Pubmed for Handhelds
PUBMED FOR HANDHELDS
Search MEDLINE/PubMed
Title: Continuous positive airway pressure/pressure support pre-oxygenation of morbidly obese patients. Author: Harbut P, Gozdzik W, Stjernfält E, Marsk R, Hesselvik JF. Journal: Acta Anaesthesiol Scand; 2014 Jul; 58(6):675-80. PubMed ID: 24738713. Abstract: BACKGROUND: Morbidly obese patients are more prone to desaturation of arterial blood during apnea with induction of anesthesia than are non-obese. This study aimed to assess the effect of low-pressure continuous positive airway pressure (CPAP) with pressure support ventilation (PSV) during pre-oxygenation on partial oxygen pressure in arterial blood (PaO2 ) immediately after tracheal intubation (post-intubation PaO2). METHODS: Forty-four adult patients scheduled for laparoscopic gastric bypass surgery were pre-oxygenated with 80% O2 for 2 min, randomized either to CPAP 5 cm H2O + PSV 5 cm H2O (CPAP/PSV, n = 22) or neutral-pressure breathing without CPAP/PSV (control, n = 22). Anesthesia was induced in a rapid-sequence protocol and the trachea was intubated without prior mask ventilation. Arterial blood gases were measured before pre-oxygenation, before induction of anesthesia, and immediately following intubation, before the first positive pressure breath. RESULTS: After pre-oxygenation, partial carbondioxide pressure was significantly lower in the CPAP/PSV group (4.9 ± 0.5 kPa), (mean ± standard deviation) than in the control group (5.2 ± 0.7 kPa) (P = 0.025). Post-preoxygenation PaO2 did not differ between the groups, but post-intubation PaO2 was significantly higher in the CPAP/PSV group (32.2 ± 4.1 kPa) than in the control group (23.8 ± 8.8 kPa) (P < 0.001).
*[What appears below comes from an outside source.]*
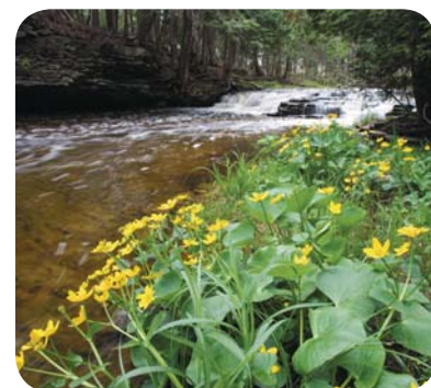
Figure 4 Grâce à leurs racines, les plantes absorbent les minéraux et les éléments nutritifs dissous dans l'eau.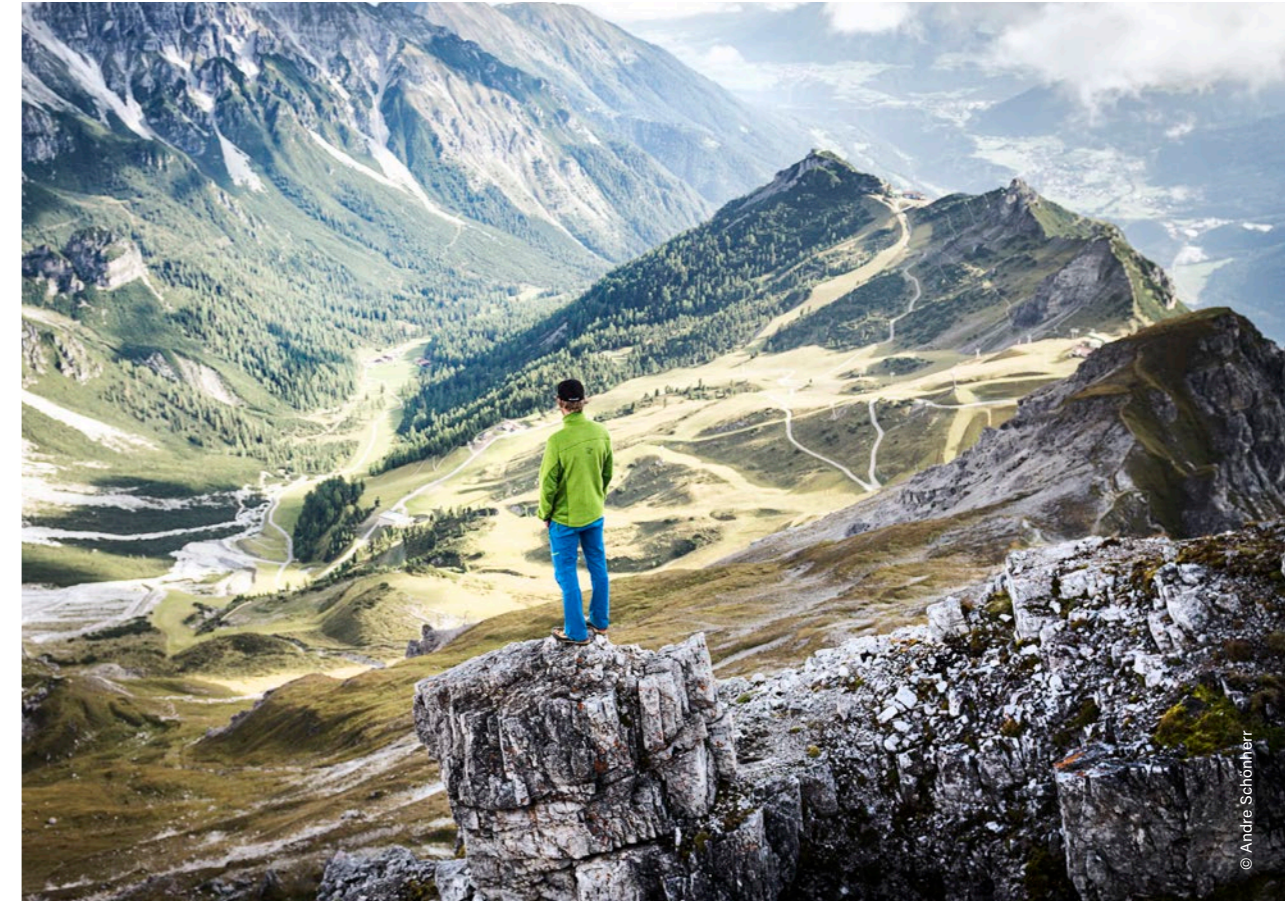
Telfes im Stubai, Schlick 2000

In the control group, nadir oxygen saturation was lower (median 98%, range 83-99%) than in the CPAP/PSV group (median 99%, range 97-99%, P = 0.011). CONCLUSIONS: In morbidly obese patients, low-pressure CPAP combined with low-pressure PSV during pre-oxygenation resulted in better oxygenation, compared with neutral-pressure breathing, and prevented desaturation episodes.[Abstract] [Full Text] [Related] [New Search]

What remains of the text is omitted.